Our lady of Regla has an illustrious history that goes back to Saint Augustine (354–430). The early Fathers of the Church, it is said, had instructed that a statue of a black virgin be carved in wood and placed in his chapel in Hippo, present-day Annaba in Algeria. Thirteen years after the death of St. Augustine, when Hippo was attacked and destroyed by the Vandals, the monks fled to Spain and took the statue with them. They placed it on a spot that looked out to sea, and this is where the devotion began. In time, Our Lady of Regla became the patroness of mariners. This is why it was also adopted as the patron saint of the quaint village of Regla, located on the northeastern side of Havana’s Bay in a pre-Columbian Indian settlement that would later be populated by fishermen and sailors.

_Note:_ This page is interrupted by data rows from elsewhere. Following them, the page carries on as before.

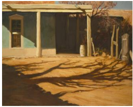
Title: The Blue Portal Date: 1952 Primary Maker: Fremont F. Ellis Medium: oil on canvas
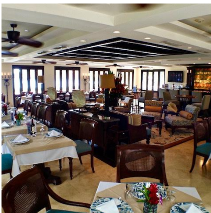
Dining room at Beach Club
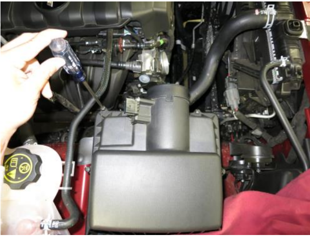
g. Use a Phillips screwdriver to remove the 4 screws securing the airbox lid to its base.
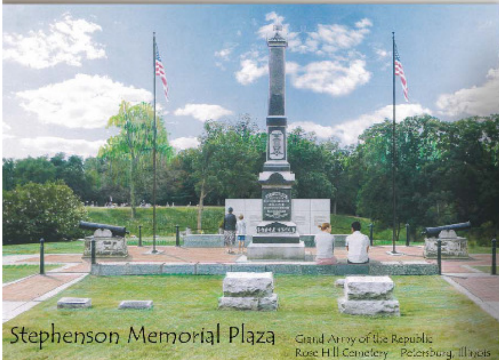
Stephenson Memorial Plaza Grand Army of the Republic Rose Hill Cemetery Petersburg, Illinois
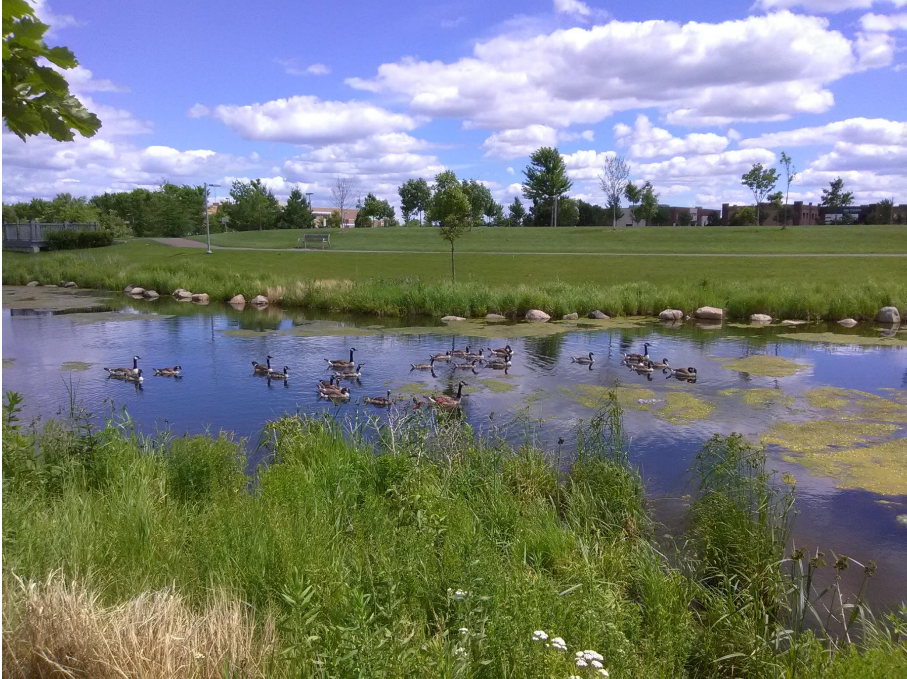
Geese, The Draw
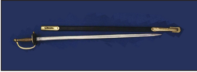
Model 1840 Noncommissioned Officer Sword
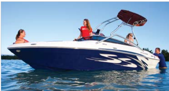
SIGNATURE SERIES (SS) GEL SCHEME (AVAILABLE ON H180 - H220)
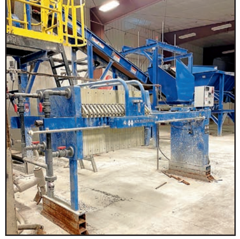
M.W. WATERMARK FILTER PRESS
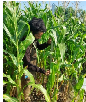
Figure 3 Taking readings
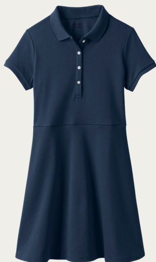
Girls Short Sleeve Interlock Polo Dress Classic Navy

On the Virgin’s feast day, September 7th, the faithful come to Cuba’s National Sanctuary of Our Lady of Regla, continuing a tradition that began in the 17th century. The image that we see today is an exact copy of the head of the original statue. It was brought from Spain in 1696 by Sergeant Major Don Pedro de Aranda y Avellaneda and placed on the altar of the church that substituted the original wooden structure, which was destroyed by a hurricane. Today’s Sanctuary, a modest and humble building erected from 1811 to 1818, is far from majestic. Its altars are not filled with gold or other material riches. It stands on a small rise fittingly facing the sea.
The statue of the Black Madonna, as it is also known, has lived an adventurous life. When Havana was captured by the British in 1762, it was taken to the church of the small town of El Calvario, and then to a sugar mill in nearby Managua. This was done to prevent the statue from falling in the hands of the subjects of “treacherous Albion.” In 1958, it was abducted, with the priest’s knowledge and consent, by young revolutionaries who opposed Batista’s dictatorship.
As with Our Lady of Charity, devotion for Our Lady of Regla is part of this wonderful potpourri, which, according to the Cuban scholar Don Fernando Ortiz, is the basis of the Cuban nationality. The Virgin of Regla is syncretized with the Orisha Yemayá, owner of the moon, the seas and everything that lives there. She is vested with marine symbols, such as shells, conches, anchors, boats, corals, seaweeds and starfish. And her color, of course, is blue like the sea. While the pilgrimage of the patron saint of Cuba, Our Lady of Charity, is filled with yellow, the pilgrimage of Our Lady of Regla, the Cuban black virgin, is blue, as befits the Queen of the Seas.